Let's say we have data with predicting variables in a matrix $\textbf{X}$ and a vector of target value $\textbf{Y}$ and we want to find $\pmb{\theta}$ s.t. $$ \arg\min_\theta\frac{1}{n}\sum_{i = 1}^n (X^{(i)} \theta - Y^{(i)})^2 $$ For this we want to use $k$-fold cross-validation to avoid overfitting and have generalizable model. Let's say that $k = 4$. That means for me that we fit 4 different model.

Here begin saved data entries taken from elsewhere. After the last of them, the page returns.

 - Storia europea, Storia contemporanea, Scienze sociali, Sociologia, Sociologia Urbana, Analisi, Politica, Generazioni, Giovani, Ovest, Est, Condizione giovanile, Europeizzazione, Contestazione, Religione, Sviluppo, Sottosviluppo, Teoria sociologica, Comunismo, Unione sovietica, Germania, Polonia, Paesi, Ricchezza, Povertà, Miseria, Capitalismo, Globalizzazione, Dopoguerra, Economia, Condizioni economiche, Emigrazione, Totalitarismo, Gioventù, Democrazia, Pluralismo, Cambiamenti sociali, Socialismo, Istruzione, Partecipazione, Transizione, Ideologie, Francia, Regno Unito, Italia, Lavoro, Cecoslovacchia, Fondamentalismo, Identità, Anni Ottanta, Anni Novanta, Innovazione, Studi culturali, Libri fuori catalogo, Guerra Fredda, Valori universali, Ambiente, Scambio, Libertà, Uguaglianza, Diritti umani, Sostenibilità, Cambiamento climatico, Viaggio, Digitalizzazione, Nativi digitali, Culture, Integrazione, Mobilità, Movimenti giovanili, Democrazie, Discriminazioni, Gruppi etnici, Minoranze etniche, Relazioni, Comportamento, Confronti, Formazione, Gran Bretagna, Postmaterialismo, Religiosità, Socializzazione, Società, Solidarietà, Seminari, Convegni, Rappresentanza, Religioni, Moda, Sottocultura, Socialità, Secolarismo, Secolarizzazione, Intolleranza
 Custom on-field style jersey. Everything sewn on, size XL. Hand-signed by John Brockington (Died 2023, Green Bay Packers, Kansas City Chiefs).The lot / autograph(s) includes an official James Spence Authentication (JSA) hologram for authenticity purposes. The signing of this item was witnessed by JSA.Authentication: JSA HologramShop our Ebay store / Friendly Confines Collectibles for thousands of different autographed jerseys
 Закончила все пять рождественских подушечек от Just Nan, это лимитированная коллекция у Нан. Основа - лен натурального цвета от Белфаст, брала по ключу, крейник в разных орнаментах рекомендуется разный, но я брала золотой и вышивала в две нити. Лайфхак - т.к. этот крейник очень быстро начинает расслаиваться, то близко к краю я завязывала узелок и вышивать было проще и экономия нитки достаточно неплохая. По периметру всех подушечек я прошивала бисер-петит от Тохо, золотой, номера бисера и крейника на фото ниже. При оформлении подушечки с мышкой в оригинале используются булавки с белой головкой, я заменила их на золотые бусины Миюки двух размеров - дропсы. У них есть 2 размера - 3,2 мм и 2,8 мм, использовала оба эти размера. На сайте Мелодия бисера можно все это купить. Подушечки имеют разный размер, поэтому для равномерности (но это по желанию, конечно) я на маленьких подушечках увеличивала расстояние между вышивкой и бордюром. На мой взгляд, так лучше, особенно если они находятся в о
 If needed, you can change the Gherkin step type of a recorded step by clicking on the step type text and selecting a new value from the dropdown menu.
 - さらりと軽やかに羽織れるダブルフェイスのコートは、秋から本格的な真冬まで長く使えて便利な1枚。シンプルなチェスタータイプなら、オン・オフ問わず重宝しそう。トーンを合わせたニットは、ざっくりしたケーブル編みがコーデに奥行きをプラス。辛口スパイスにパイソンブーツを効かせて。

The first model fits the subset 1, 2 and 3 and, with the obtained $\theta_1$ compute the Mean Squared Error (MSE) on the subset 4. Then second model fits the subset 1, 2 and 4 and, with the obtained $\theta_2$ compute the Mean Squared Error (MSE) on the subset 3 (and so on for model 3 and 4) let's implement it (in R):
library(ISLR)
library(broom)
library(tidyverse)
rowN = dim(Auto)[1]
subset1 = seq(0, (1*rowN/4), by = 1)
subset2 = seq((1*rowN/4)+1, (2*rowN/4), by = 1)
subset3 = seq((2*rowN/4)+1, (3*rowN/4), by = 1)

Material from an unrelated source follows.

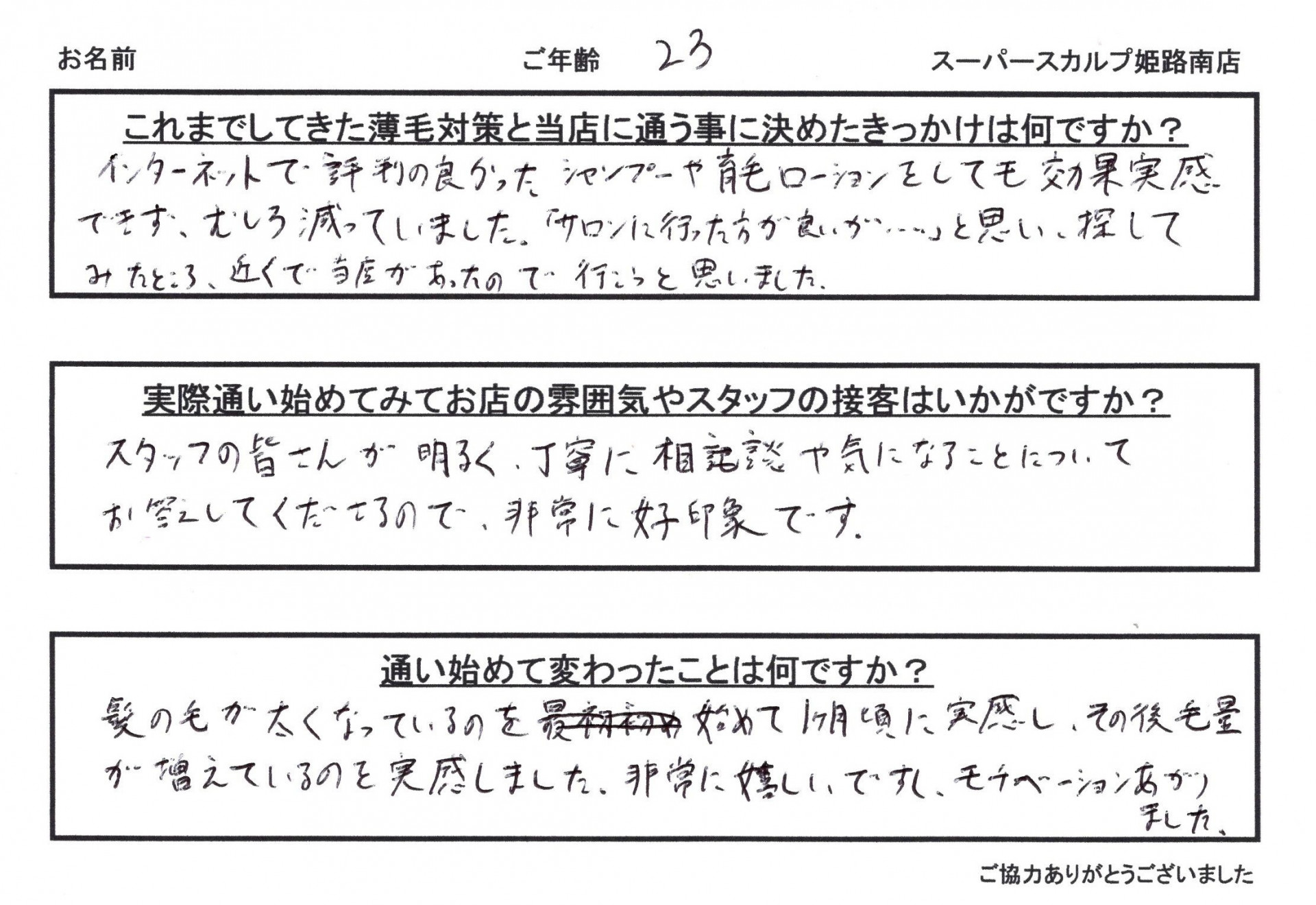 これまでしてきた薄毛対策と当店に通う事に決めたきっかけは何ですか?

subset4 = seq((3*rowN/4)+1, (4*rowN/4), by = 1)
ComputeModel = function(subset1, subset2, subset3){
model=lm(mpg ~ weight +
origin +
horsepower +
year +
displacement +
acceleration,
data=Auto,
subset=c(subset1, subset2, subset3))
return(model)
}
ComputeTheta = function(model){
return(tibble(model1$coefficients))
}
ComputeMSE = function(model, subset){
cat(c("MSE: ", round(mean((Auto$mpg-predict(model,Auto))[subset]^2), 3), "\n"))
}
model1 = ComputeModel(subset1, subset2, subset3)
theta1 = ComputeTheta(model1)
MSE1 = ComputeMSE(model1, subset4)
model2 = ComputeModel(subset1, subset2, subset4)
theta2 = ComputeTheta(model2)
MSE2 = ComputeMSE(model2, subset3)
model3 = ComputeModel(subset1, subset3, subset4)
theta3 = ComputeTheta(model3)
MSE3 = ComputeMSE(model3, subset2)
model4 = ComputeModel(subset2, subset3, subset4)
theta4 = ComputeTheta(model4)
MSE4 = ComputeMSE(model4, subset1)
MSE: 36.138
MSE: 14.925
MSE: 10.556
MSE: 20.411
Here are my questions: At the end of the $k$-fold cross validation procedure, how do we compute $\pmb{\theta}_{\text{cross-validation}}$ and $\text{MSE}_{\text{cross-validation}}$? Is it simply the mean obtained in the 4 models: $$ \text{MSE}_{\text{cross-validation}} = \frac{\text{MSE}_{\text{model1}}+ \text{MSE}_{\text{model2}}+ \text{MSE}_{\text{model3}}+ \text{MSE}_{\text{model1}}}{4} $$ $$ \pmb{\theta}_{\text{cross-validation}}= \frac{\pmb{\theta}_{\text{model1}}+ \pmb{\theta}_{\text{model2}}+ \pmb{\theta}_{\text{model3}}+ \pmb{\theta}_{\text{model4}} }{4} $$
I read the part regarding this topic in An Introduction to Statistical Learning by James, Hitten, Hastie and Tibshirani, but could not find the details answering the question (or did not understand it properly). Do you have a good read with details on the subject to recommend?